In her opinion, with which the other authors of the complaint agree, the use of the army abroad is a critically important issue. Russian citizens have the right to have an opinion on this issue and to express it. Regardless of their opinion, they form the Russian people, which is the source of power in the state. This is also spelled out in the Constitution.
People’s beliefs cannot be ranked by the State as right or wrong, preferred or undesirable, and criticism of the use of armed forces cannot be grounds for stigmatisation and ostracism.
The people for whom the complaint is filed have various attitudes to the prospect of their cases being considered in the Constitutional Court. For some of them, more than a year has passed since their offence. Russian life has changed a lot.
Kristina Shatryuk, for example, does not expect anything from her case in the Constitutional Court, but if everything goes well, will mark this day in the calendar as a holiday. Together with her husband, Kristina continues to struggle with urban problems and the inaction of police officers in Ilansk.
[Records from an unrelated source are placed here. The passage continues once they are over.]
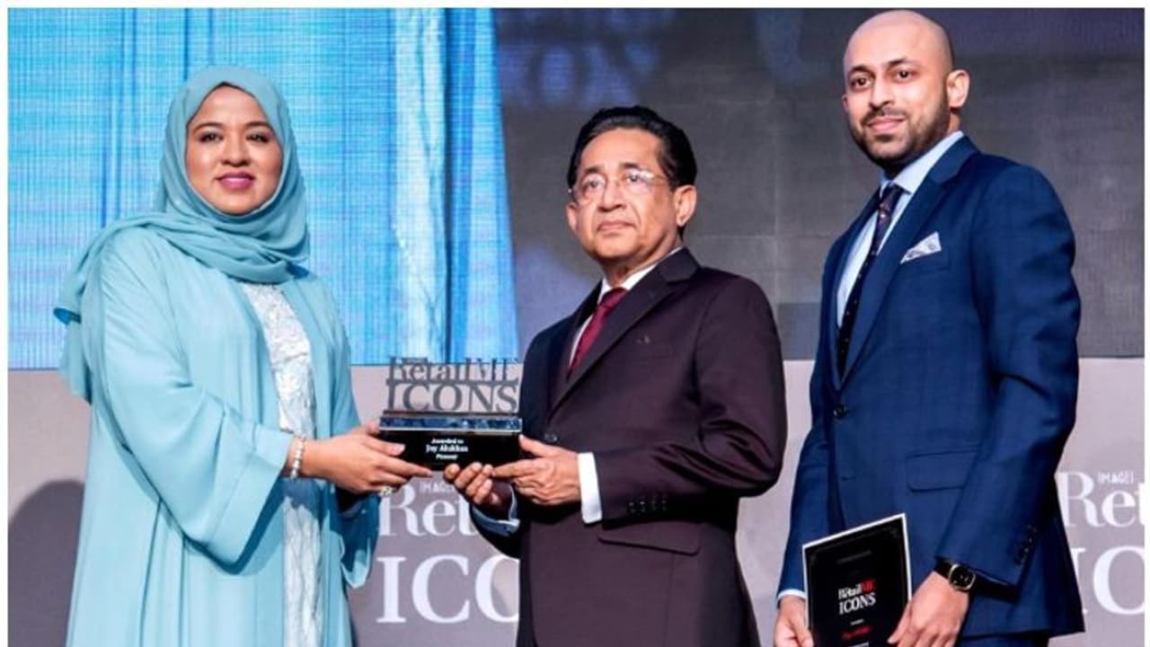 (ചിത്രം: ജോയ് ആലുക്കാസ് ഗ്രൂപ്പ് ചെയര്മാനായ ജോയ് ആലുക്കാസിന് മിന (MENA-Middle East & North Africa) മേഖലയിലെ റീട്ടെയില് ബിസിനസ് രംഗത്തെ പ്രവര്ത്തന മികവിനുള്ള അംഗീകാരമായി പ്രമുഖ പുരസ്കാരമായ റീട്ടെയില്മീ (RetailME) ഐകോണ്സ് അവാര്ഡ് സമ്മാനിക്കുന്നു. ദുബൈ ഡിപാര്ട്മെന്റ് ഓഫ് ടൂറിസം ആന്റ് കോമേഴ്സ് മാര്ക്കറ്റിങ്ങ്-അലൈന്സ് ആന്റ് പാര്ട്ണര്ഷിപ്പ് സിഇഒ ലൈല മുഹമ്മദ് സുഹൈലില് നിന്നും ജോയ് ആലുക്കാസ് അവാര്ഡ് സ്വീകരിക്കുന്നു. ജോയ് ആലുക്കാസ് ജ്വല്ലറി ഇന്റര്നാഷനല് ഓപറേഷന്സ് മാനേജിങ്ങ് ഡയറക്ടര് ജോണ് പോള് സമീപം.)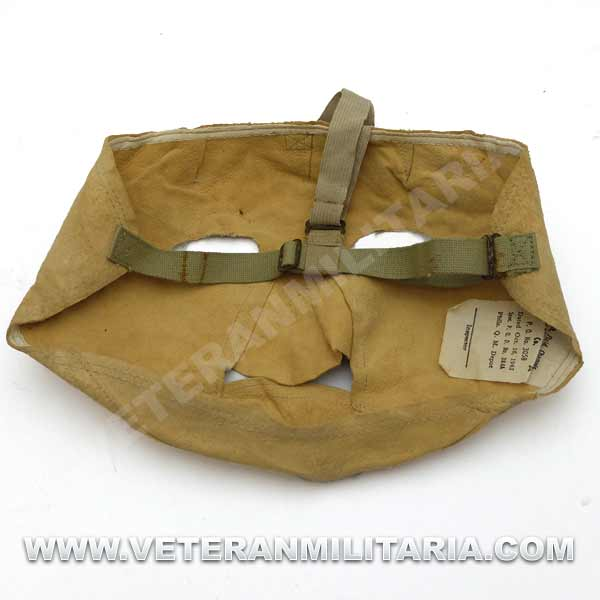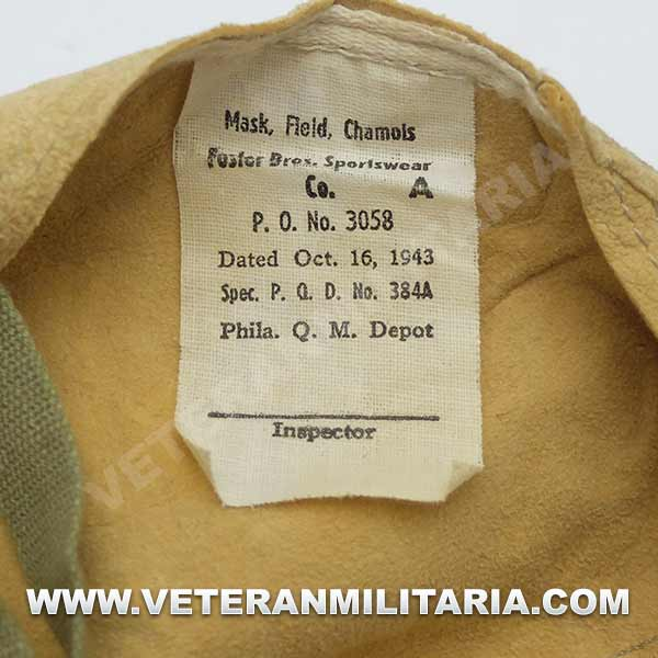 Cold weather leather face masks, It is made of fine and soft leather, adjustable elastic straps, QM label with manufacturer's name and date 1943.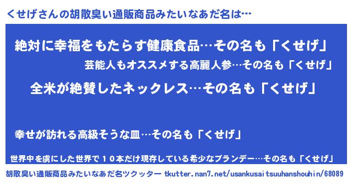 | 意味不明あだ名 | 『とにかく怪しいくせげ』『自称くせげ』 |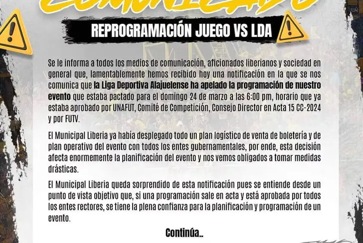 “El Municipal Liberia queda sorprendido de esta notificación, pues se entiende desde un punto de vista objetivo que si una programación sale en actas y está aprobada por todos los entes rectores, se tiene la plena confianza para la planificación y programación del evento”, indican.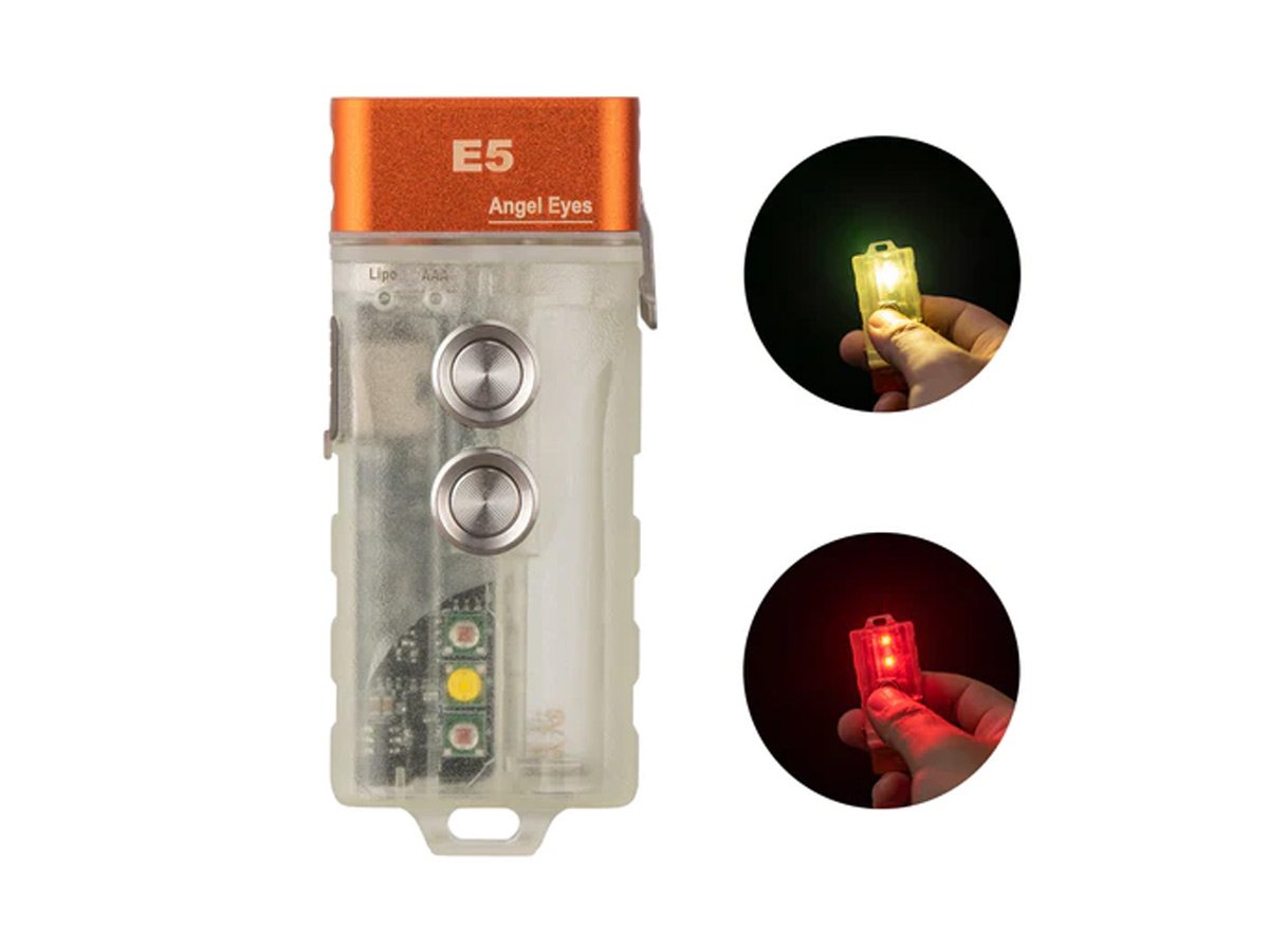 RovyVon Aurora E5 GITD USB-C Rechargeable LED Keychain Flashlight - 700 Lumens or 500 Lumens - Luminus SST-20 - Warm White or Cool White - White and UV or White and Red- Uses Built-in 330mAh Li-Poly Battery Pack or 1 x AAA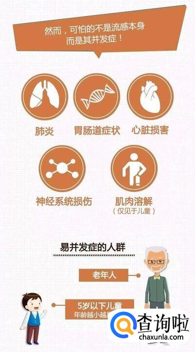 流感也会引起一系列并发症,如细菌性肺炎,某些心脏疾病和神经系统疾病。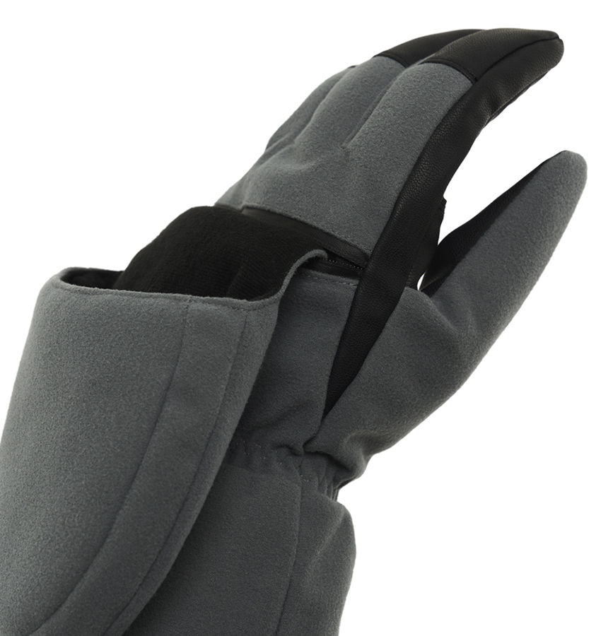 Оригинальная модель перчаток-трансформеров с откидным рукавичным чехлом, который убирается во внутренний карман на тыльной стороне. Подкладка – искусственный мех, делающий перчатки особенно комфортными.

Artist Evgenia Isaeva believes that if there is at least an opportunity to defend the truth, then you need to use it. Now she is engaged in humanitarian assistance to refugees in Russia. Olga Aptysheva took several courses at human rights schools following her detention.
Maxim Filippov left for the USA. He settled there and has no plans to return to his homeland, even if the Constitutional Court decides to cancel the article on discrediting the army.